** Supplied information follows **
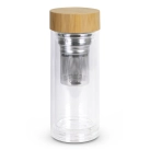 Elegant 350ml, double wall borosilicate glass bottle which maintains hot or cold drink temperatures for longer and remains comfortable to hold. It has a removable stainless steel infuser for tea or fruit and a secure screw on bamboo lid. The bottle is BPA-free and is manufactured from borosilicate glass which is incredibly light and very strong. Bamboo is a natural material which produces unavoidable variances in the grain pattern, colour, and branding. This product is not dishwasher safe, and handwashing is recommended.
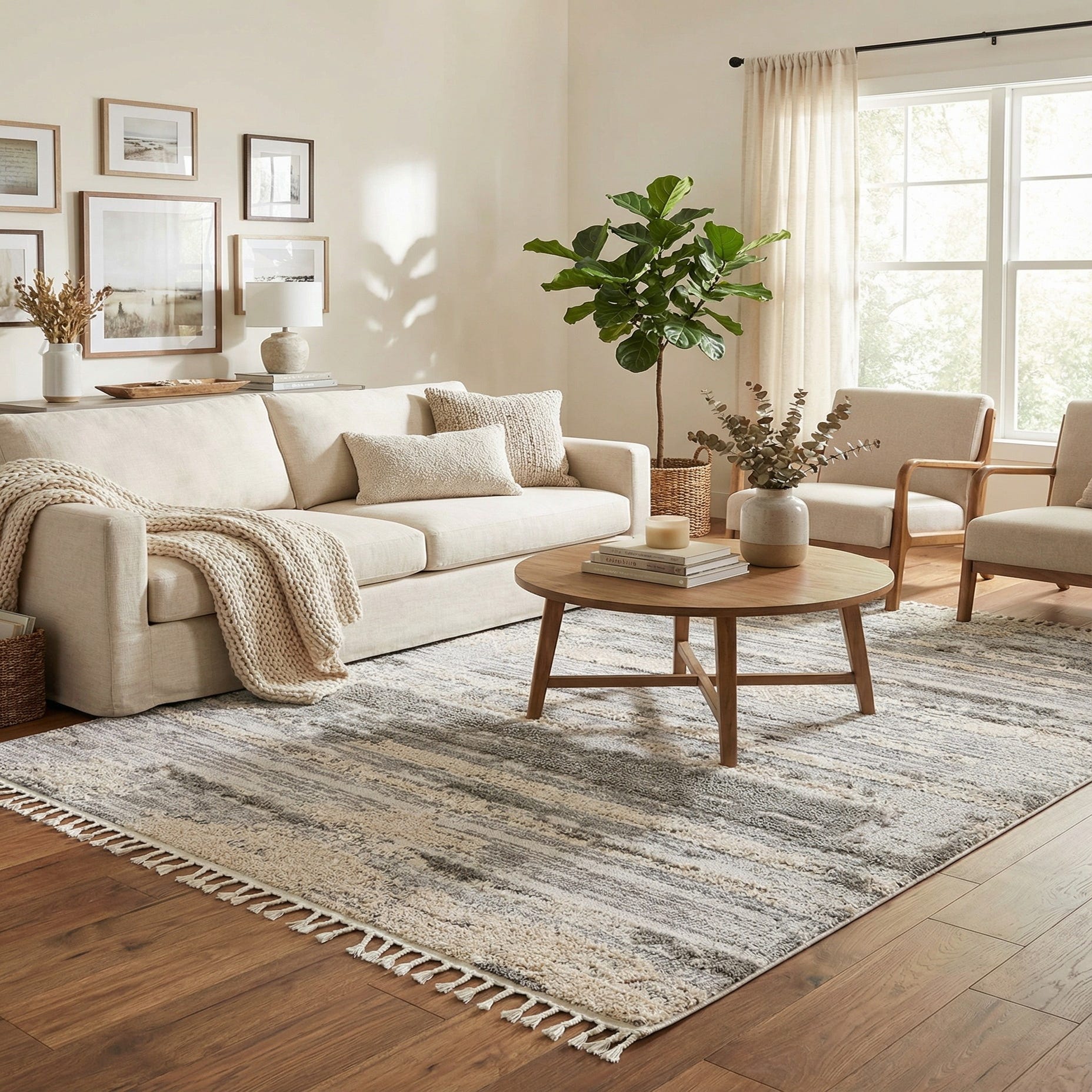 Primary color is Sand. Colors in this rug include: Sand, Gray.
** End of Supplied information **
** Supplied information follows **
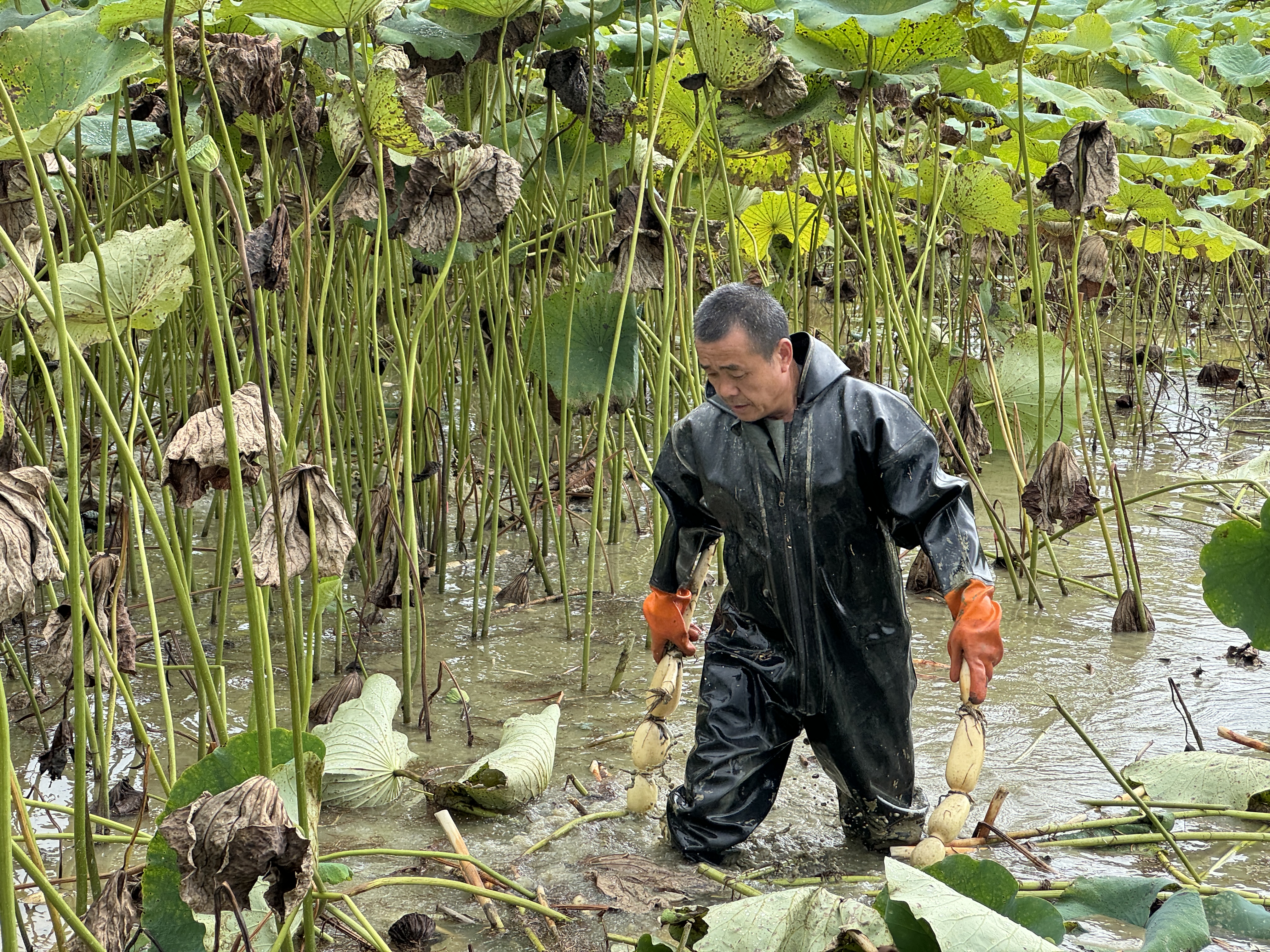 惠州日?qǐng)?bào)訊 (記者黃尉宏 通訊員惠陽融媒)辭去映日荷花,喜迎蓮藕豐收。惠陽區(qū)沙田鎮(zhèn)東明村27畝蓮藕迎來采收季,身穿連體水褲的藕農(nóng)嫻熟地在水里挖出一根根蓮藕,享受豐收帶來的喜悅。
** End of Supplied information **
** Supplied information follows **
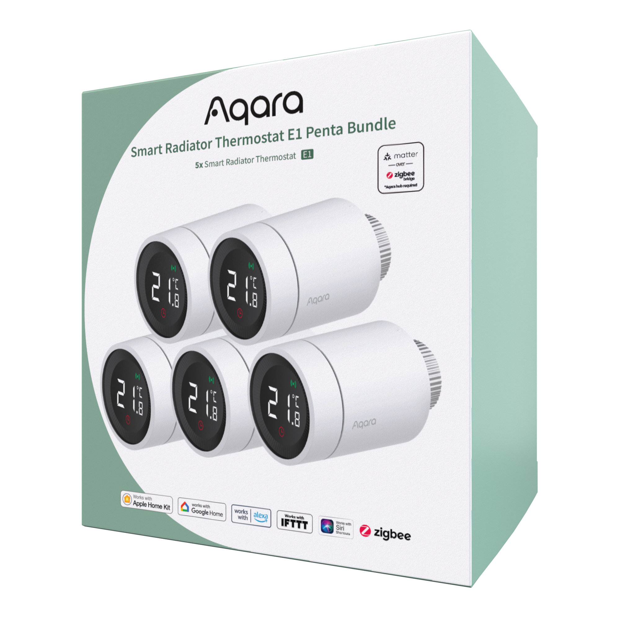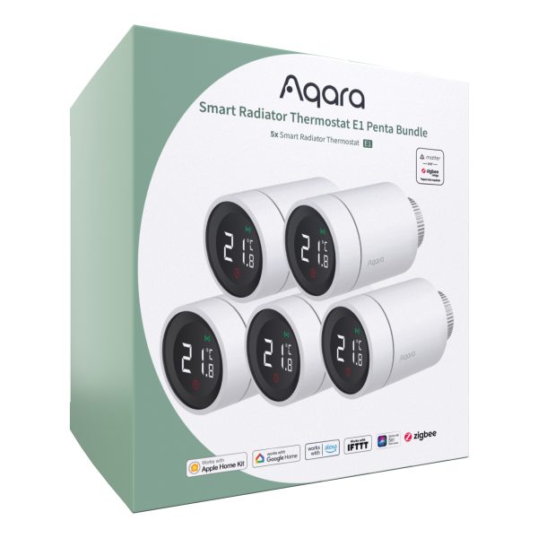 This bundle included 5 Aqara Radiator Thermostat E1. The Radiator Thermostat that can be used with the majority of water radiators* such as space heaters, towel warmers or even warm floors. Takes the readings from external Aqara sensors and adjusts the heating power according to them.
** End of Supplied information **
> **Required work**: The line holding "Elegant 350ml, double" starts the copy and the line holding "Primary color is" ends it. Repeat those two lines above and all between them exactly, leaving out pictures.

> **Finished task**:
 Elegant 350ml, double wall borosilicate glass bottle which maintains hot or cold drink temperatures for longer and remains comfortable to hold. It has a removable stainless steel infuser for tea or fruit and a secure screw on bamboo lid. The bottle is BPA-free and is manufactured from borosilicate glass which is incredibly light and very strong. Bamboo is a natural material which produces unavoidable variances in the grain pattern, colour, and branding. This product is not dishwasher safe, and handwashing is recommended.
 Primary color is Sand. Colors in this rug include: Sand, Gray.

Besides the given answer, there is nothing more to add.